## WHAT YOU WILL DO:
Exact copy, no pictures: every line from the one that contains "130-170 วัน ก่อนที่จะอพยพกลับขึ้นทางเหนือ" through the end of the data below, and nothing else.

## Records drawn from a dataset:
>>>>>
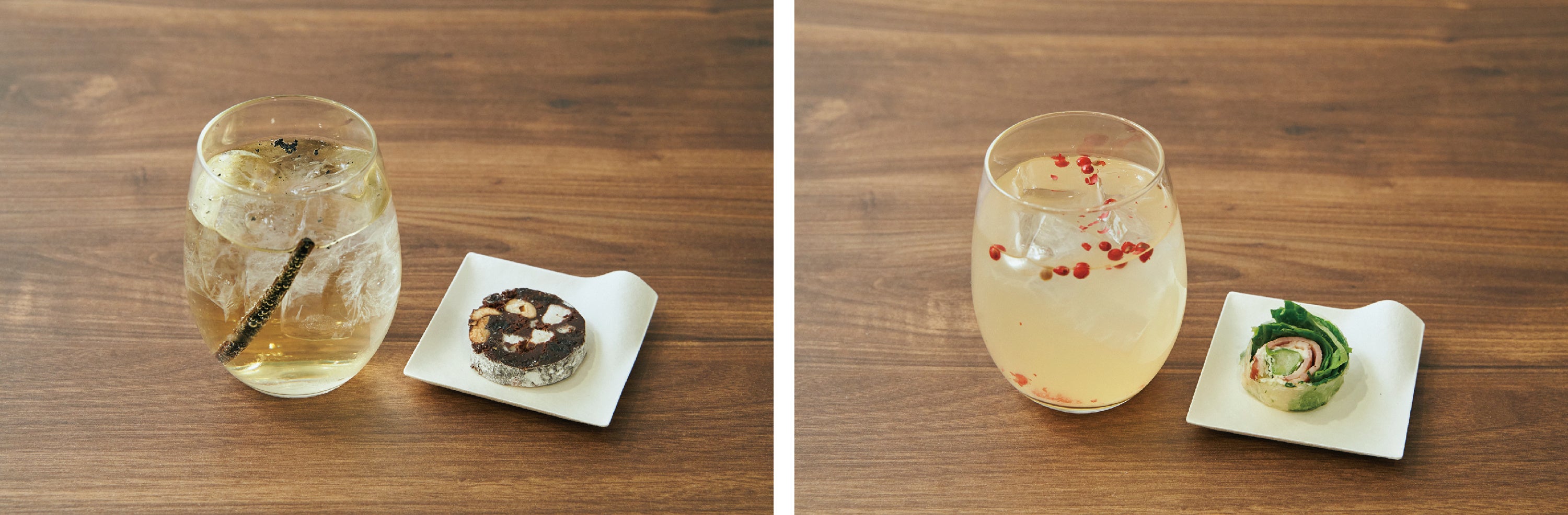 【写真右】ジンジャーペッパーハイボールと アスパラベーコンとマスカルポーネの生春巻き
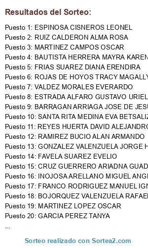 - Puesto 29: MARQUEZ SOLORIO DANIEL
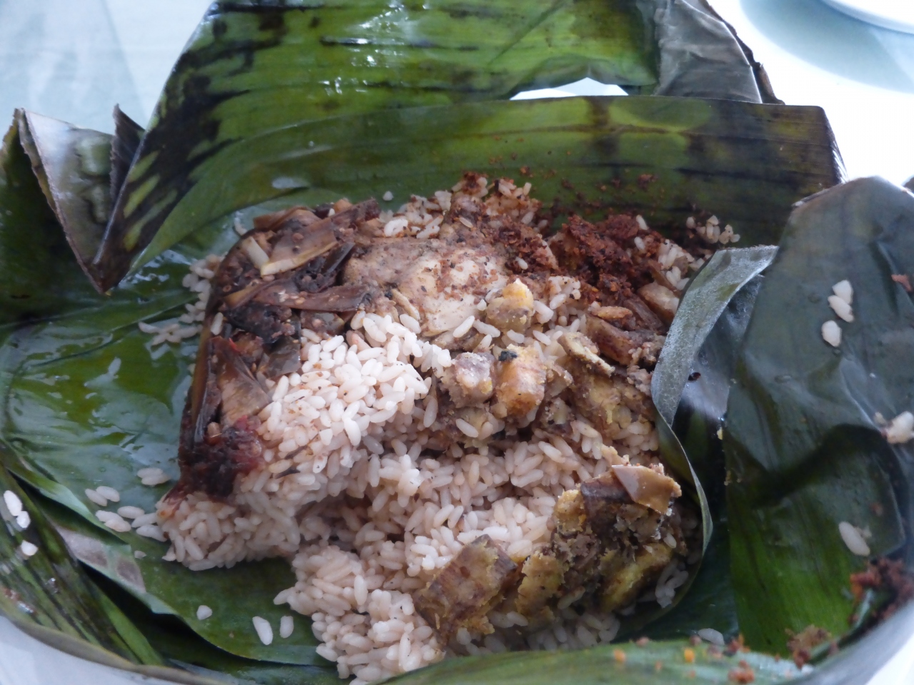 ベアフットでショッピングしてから、歩いて行きました。ランチビュッフェもあったようですが、「ランプライス」が食べたかったので、アラカルトで注文しました。ランプライスというのは、バナナの葉で包んで蒸されたお弁当のようなものです。包みを開けるのがまず楽しく、お味も良かったですよ。
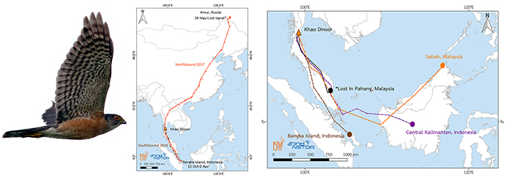 ในส่วนของเหยี่ยวนกเขาพันธุ์ญี่ปุ่นนั้น ทีมวิจัยสามารถติดตามสัญญาณไปถึงพื้นที่ของเกาะสุมาตรา และบอร์เนียว ซึ่งเป็นพื้นที่อาศัยในช่วงฤดูหนาวและใช้เวลาบริเวณนี้ประมาณ 130-170 วัน ก่อนที่จะอพยพกลับขึ้นทางเหนือ แต่เป็นที่น่าเสียดายที่ทีมวิจัยสามารถรับสัญญาณจากเหยี่ยวนกเขาพันธุ์ญี่ปุ่นได้เพียง 1 ตัวเท่านั้น ในช่วงอพยพกลับ โดยเหยี่ยวตัวนี้เดินทางออกจากพื้นที่อาศัยบนเกาะ Bangka ประเทศอินโดนีเซีย ไปยังพื้นที่ผสมพันธุ์ในเขตอามูร์ (Amur) ทางตะวันออกของประเทศรัสเซีย ก่อนที่สัญญาณจะขาดหายไป ทำให้สรุปรวมระยะทางอพยพได้ทั้งสิ้น 7,699 กม. ใช้เวลาเดินทางทั้งสิ้นประมาณ 50 วัน”
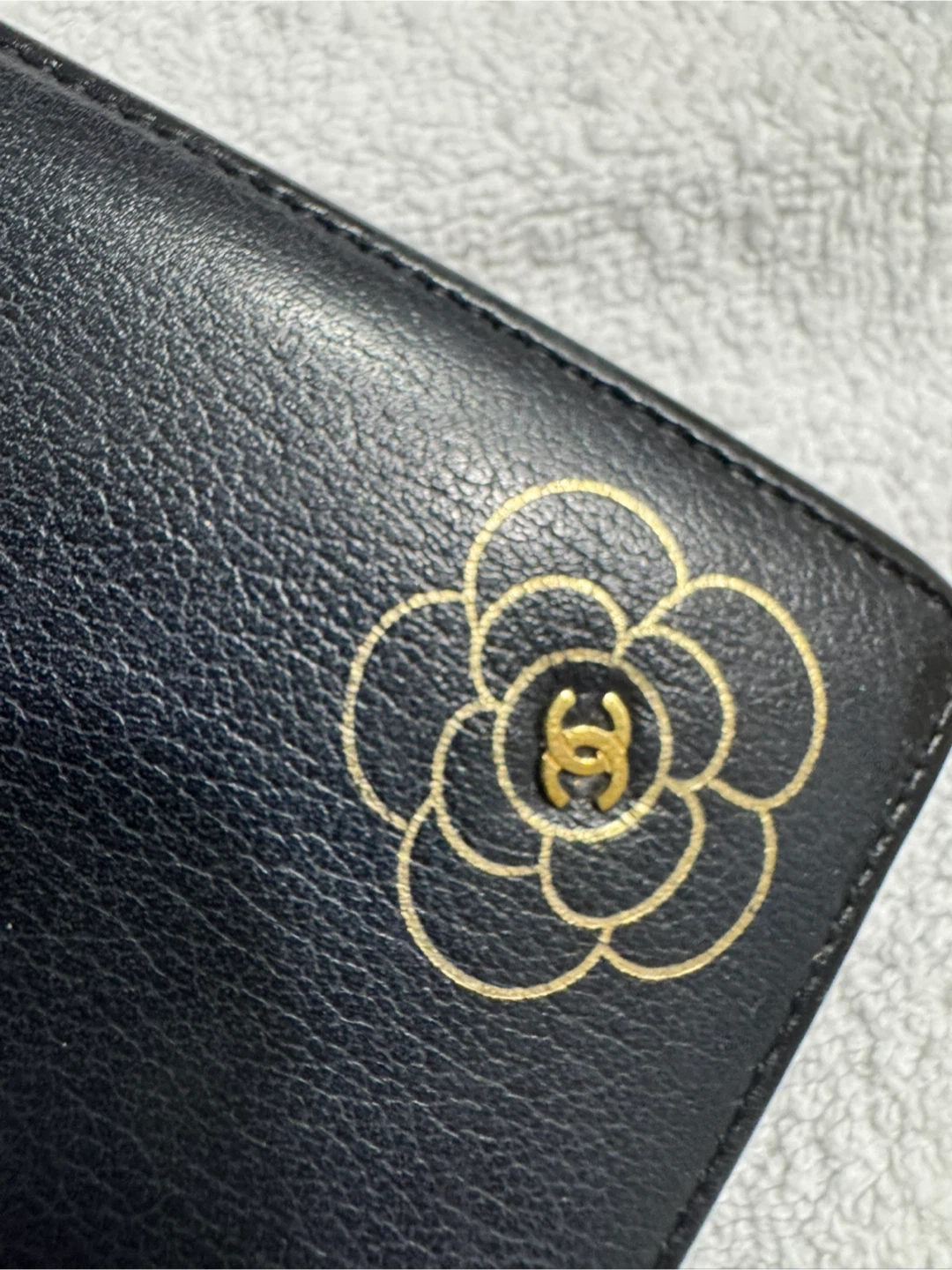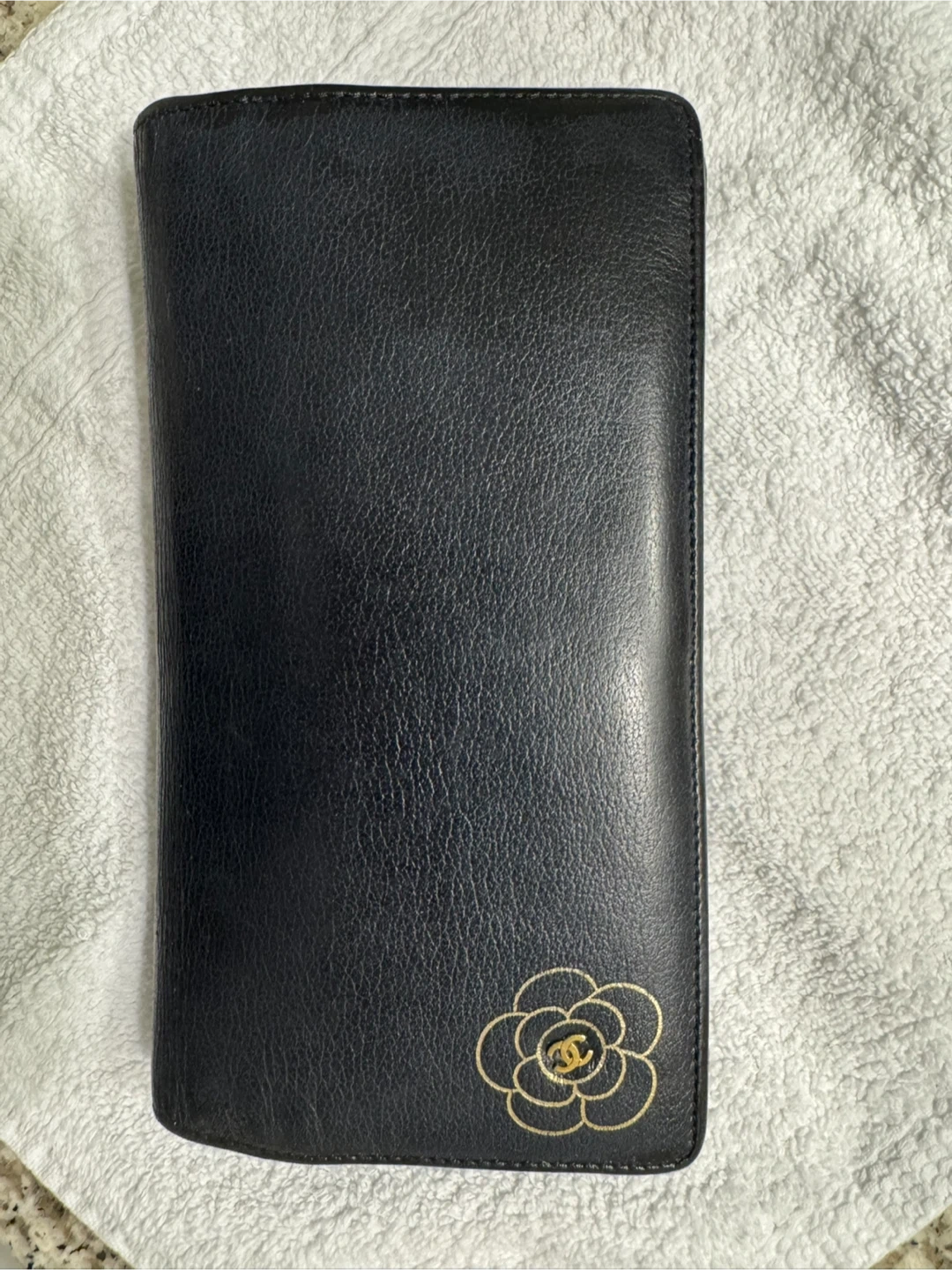 CHANEL Camellia Long wallet Leather Black Authentic
<<<<<
## EXPECTED ANSWER:
 ในส่วนของเหยี่ยวนกเขาพันธุ์ญี่ปุ่นนั้น ทีมวิจัยสามารถติดตามสัญญาณไปถึงพื้นที่ของเกาะสุมาตรา และบอร์เนียว ซึ่งเป็นพื้นที่อาศัยในช่วงฤดูหนาวและใช้เวลาบริเวณนี้ประมาณ 130-170 วัน ก่อนที่จะอพยพกลับขึ้นทางเหนือ แต่เป็นที่น่าเสียดายที่ทีมวิจัยสามารถรับสัญญาณจากเหยี่ยวนกเขาพันธุ์ญี่ปุ่นได้เพียง 1 ตัวเท่านั้น ในช่วงอพยพกลับ โดยเหยี่ยวตัวนี้เดินทางออกจากพื้นที่อาศัยบนเกาะ Bangka ประเทศอินโดนีเซีย ไปยังพื้นที่ผสมพันธุ์ในเขตอามูร์ (Amur) ทางตะวันออกของประเทศรัสเซีย ก่อนที่สัญญาณจะขาดหายไป ทำให้สรุปรวมระยะทางอพยพได้ทั้งสิ้น 7,699 กม. ใช้เวลาเดินทางทั้งสิ้นประมาณ 50 วัน”
 CHANEL Camellia Long wallet Leather Black Authentic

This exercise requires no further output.